▶ _Exercise objective_:
When you reach the line that contains "NHL PITTSBURGH PENGUINS" in the data below, start reproducing lines exactly, and stop after the line that contains "機材:PC(Windows/".

▶ _Records_:
+--

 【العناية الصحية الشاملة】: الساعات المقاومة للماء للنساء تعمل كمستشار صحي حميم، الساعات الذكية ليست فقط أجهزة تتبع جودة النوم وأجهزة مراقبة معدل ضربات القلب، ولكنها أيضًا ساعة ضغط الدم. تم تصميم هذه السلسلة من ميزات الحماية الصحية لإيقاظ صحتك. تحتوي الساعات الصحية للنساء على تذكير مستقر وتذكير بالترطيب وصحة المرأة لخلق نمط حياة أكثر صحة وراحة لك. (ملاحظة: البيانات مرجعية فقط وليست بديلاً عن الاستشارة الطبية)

+--

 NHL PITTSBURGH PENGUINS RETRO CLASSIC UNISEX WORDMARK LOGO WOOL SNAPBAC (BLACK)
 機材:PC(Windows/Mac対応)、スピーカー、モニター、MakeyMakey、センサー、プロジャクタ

+--

▶ _Answer for this exercise_:
 NHL PITTSBURGH PENGUINS RETRO CLASSIC UNISEX WORDMARK LOGO WOOL SNAPBAC (BLACK)
 機材:PC(Windows/Mac対応)、スピーカー、モニター、MakeyMakey、センサー、プロジャクタ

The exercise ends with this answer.